DATA EXCERPT:

+ + + + + + +

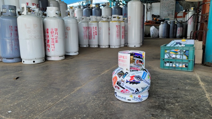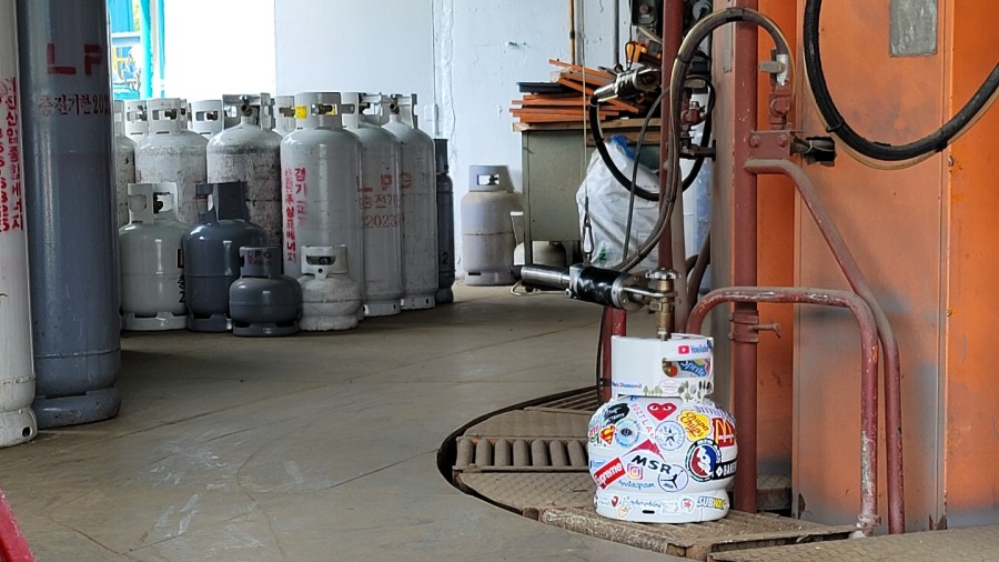스티커랑 #3KG가스통 을 꺼내왔었어요.
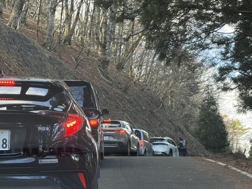 で、神社近くまで来たと思ったら、まさかの車の列。神社の駐車場がいっぱいで待ちが発生しているのよね。じゃあ、結構たどり着いている人多いんじゃん(笑)
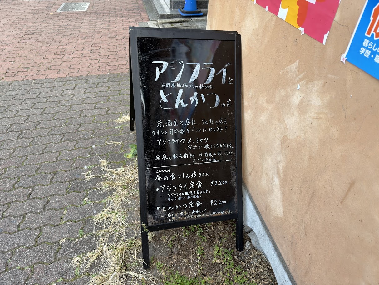 Crisp!のランチタイムメニューは「アジなフライ定食」(2200円)と「平野さんのとんかつミックス定食」(2200円)の2種類。

+ + + + + + +

EXERCISE GOAL: Print the lines from the one that contains "で、神社近くまで来たと思った" through the last line of the data, exactly and in full, and no other lines. Pictures are not part of the copy.

RESULT OF THIS EXERCISE:
 で、神社近くまで来たと思ったら、まさかの車の列。神社の駐車場がいっぱいで待ちが発生しているのよね。じゃあ、結構たどり着いている人多いんじゃん(笑)
 Crisp!のランチタイムメニューは「アジなフライ定食」(2200円)と「平野さんのとんかつミックス定食」(2200円)の2種類。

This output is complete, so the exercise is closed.